I have driven around Virginia and West Virginia more than a few times, but have never been through these parts on the train. The ride through the New River Gorge and over the mountains and down the valleys of Virginia breaking out in spring foliage and blossoms was enthralling. ( Bring on the dome cars - Ha! ) I'm aware that most of this trip is over the former Chesapeak and Ohio mainline, but some of the trip, like through Staunton, did not look very mainline to me. I always wondered why this train follows a separate route from the north into Charlottesville. The answer became apparent, as it crosses the southern mainline, but not a juntion, at Charlottesville station, stopping at a separate platform. The tracks then go up a rural line for quite a few miles where the Southern mainline is joined near Orange .

The Cardinal arrived Washington 25 minutes late, not bad, but I saw later arrived over three hours late into New Tork, due to problems that day on the Corridor. It was a rather bare bones trip, but the service was fairly good and the territory covered was beautiful and fascinating.

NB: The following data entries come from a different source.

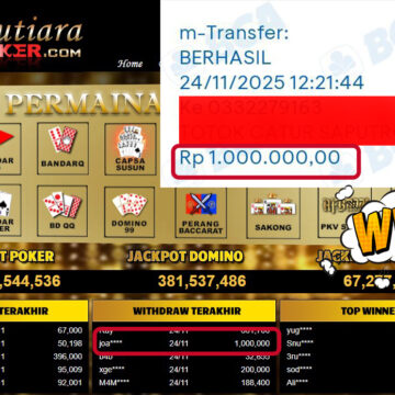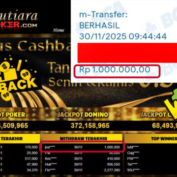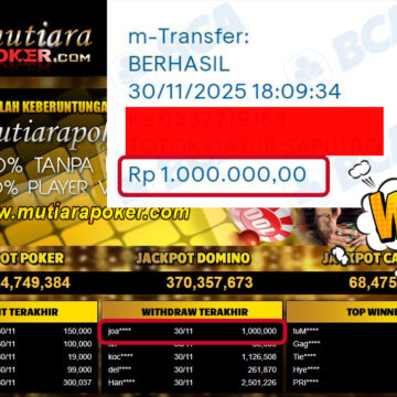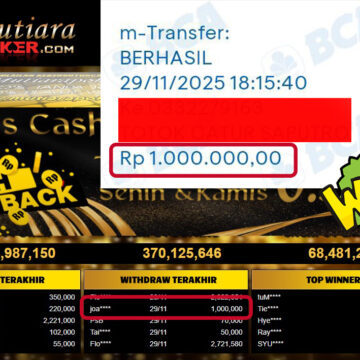 Bukti Withdraw ( 1.000.000,- ) Member Setia MutiaraPoker
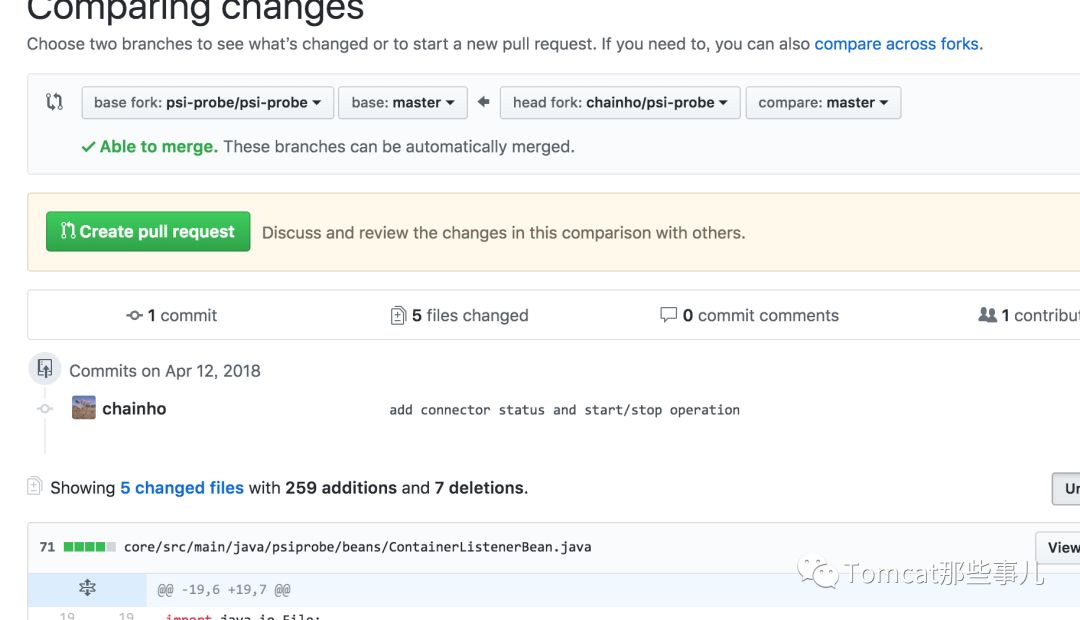 此时,可以选择要将「你的仓库」哪个分支,提交到「源仓库」的哪个分支上。此时会显示变更的文件内容,提交人等。点击绿色的「Create pull request」按钮,输入信息,完成创建 PR。
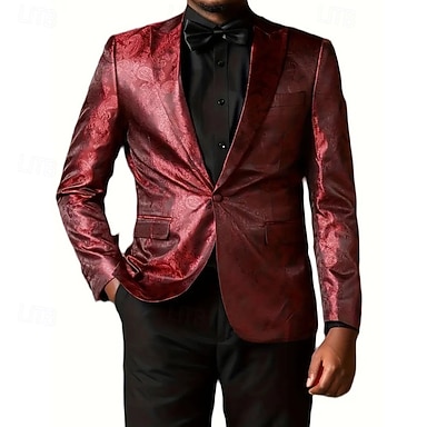 Homens Blazer O negócio Coquetel Festa de Casamento Moda Casual Primavera Outono Poliéster Tecido Jacquard Botões Confortável Não Trespassado Jaqueta esporte Preto Vinho Azul

QUestion for the experts: What territory is the Buckingham Branch? Is this part of CSX, or a separate railroad? Thanks for reading. More to follow - going to Greensboro from DC tonight, and will return west next Monday on the Capitol and SWC>


----------



## KayBee (Apr 13, 2010)

greatcats said:


> QUestion for the experts: What territory is the Buckingham Branch? Is this part of CSX, or a separate railroad? Thanks for reading. More to follow - going to Greensboro from DC tonight, and will return west next Monday on the Capitol and SWC>


The Buckingham Branch Railroad is a shortline based out of Dillwyn, VA. They have leased the former C&O line between Richmond and Clifton Forge from CSXT. It is known as the Richmond and Alleghany division. Amtrak operates the Cardinal from Orange to Clifton Forge on the R&A division. They also operate lines between Dillwyn and Bremo Bluff (the Buckingham division), and between Burkeville and Clarksville (the Virginia Southern division).

The Old Dominion Chapter of the NRHS operates excursions on the Buckingham division in the Spring and Fall.


----------